### Task brief
Pictures are not repeated. Every line from the beginning of the entries through the one with "Brand New Red" is restated exactly.

### Items listed in a dataset
──────────────────────────────

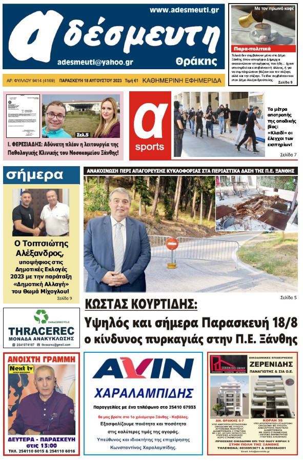 ΠΡΩΤΟΣΕΛΙΔΟ ΠΑΡΑΣΚΕΥΗ 18 ΑΥΓΟΥΣΤΟΥ 2023
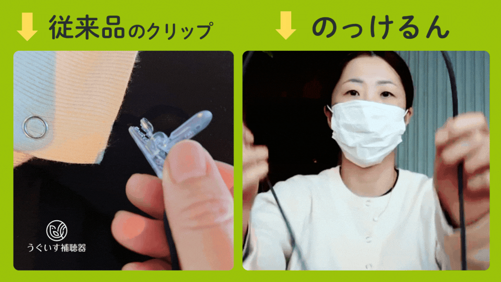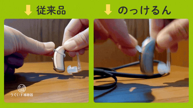 従来の補聴器落下防止品と「のっけるん」の違い
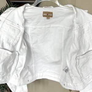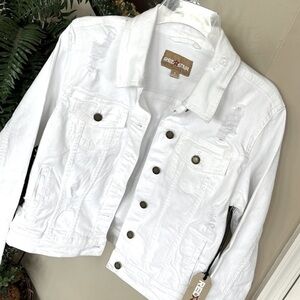 Brand New Red Star White Denim Button Up Collar Jean Jacket Distressed Cotton. Women’s size Small. Great to throw over a sundress for date night!
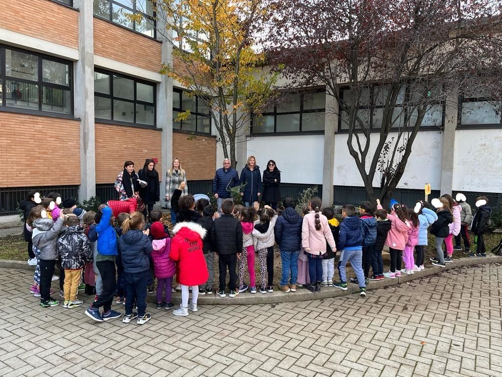 In occasione della Giornata Nazionale degli Alberi, oggi la presidente del consiglio comunale Laura Rogora e il consigliere delegato al Verde Orazio Tallarida hanno partecipato alla piantumazione di nuove essenze nella nuova aiuola realizzata dall’Amministrazione nel cortile della scuola Ada Negri, nel quartiere di Sacconago.
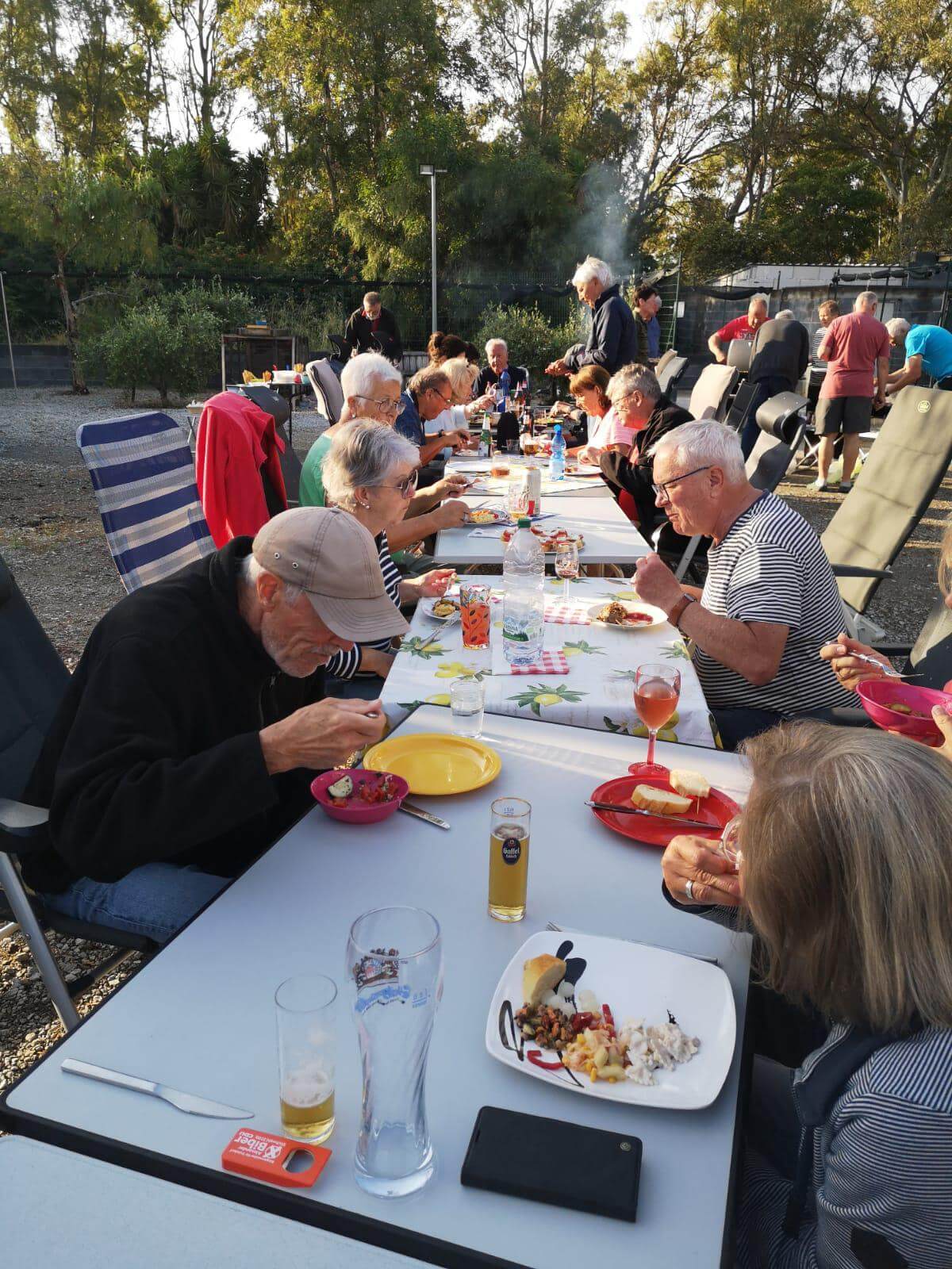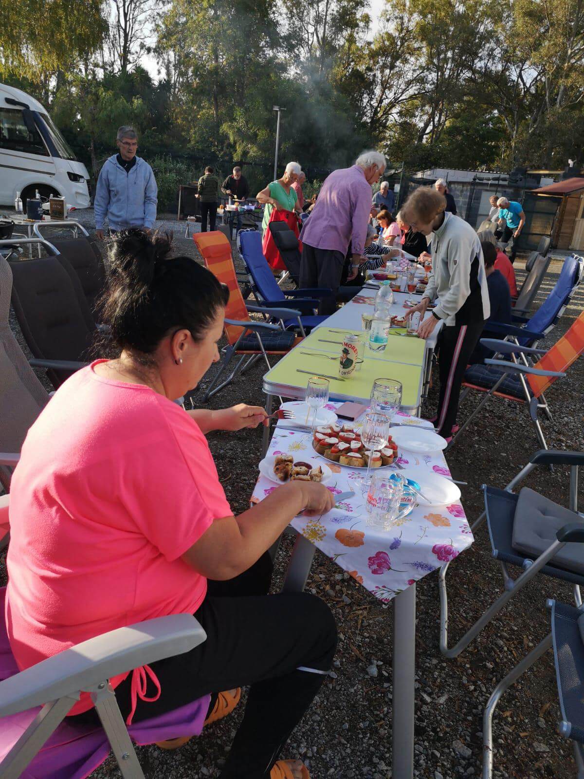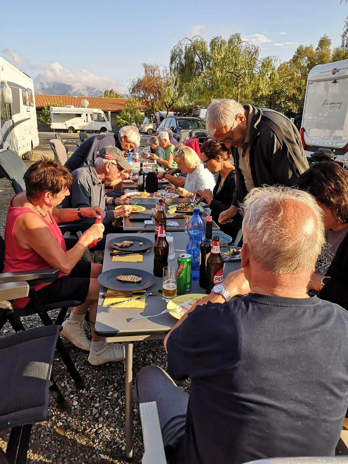 Am Vormittag haben einige ihr Auto wieder in Ordnung gebracht, insbesondere die Frontscheibe gereinigt. Einige genossen das Bad im angrenzenden Meer oder sind Rad gefahren nach Tinderi zum Kloster der schwarzen Madonna. Am Nachmittag gingen dann schon die Vorbereitungen zu unserer ersten Campertafel los. Nervös waren wir Alle, ob diese überhaupt stattfinden kann, denn den ganzen Nachmittag hat es viel geregnet. Doch pünktlich um 17:00 Uhr kam die Sonne wieder hervor und trocknete alles. Sodann wurde aufgetischt, dass sich die Tische gebogen haben. Die Griller standen bereit, um die Steaks, Involtinis zu grillen und selbst an köstliche Nachspeise wurde gedacht. Letztendlich wurde das umfangreiche Essen mit verschiedenen Schnäpsen, Wein und Bier beendet.
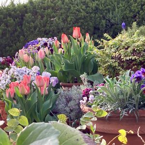 今朝のチューリップ🌷 8:06〜34 ① アベルドンズエリート咲く ② ビオラとタイスブーツ ③ 長持ち!オランダ産チューリップ ④ 富山産チューリップ 紅美人
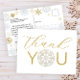 Compartilhe sua gratidão com este lindo cartão postal de agradecimento de inverno, apresentando escrita dourada brilhante e um delicado centro de floco de neve. O design de dupla face inclui espaço para uma mensagem sincera e endereço de envio, tornando-o bonito e prático. Perfeito para chás de bebê de inverno, chás de férias e celebrações de pequenos flocos de neve. Coordena-se perfeitamente com a coleção completa Snowflake Baby Shower para um tema coeso de Winter Wonderland.

──────────────────────────────

### Reply
 ΠΡΩΤΟΣΕΛΙΔΟ ΠΑΡΑΣΚΕΥΗ 18 ΑΥΓΟΥΣΤΟΥ 2023
 従来の補聴器落下防止品と「のっけるん」の違い
 Brand New Red Star White Denim Button Up Collar Jean Jacket Distressed Cotton. Women’s size Small. Great to throw over a sundress for date night!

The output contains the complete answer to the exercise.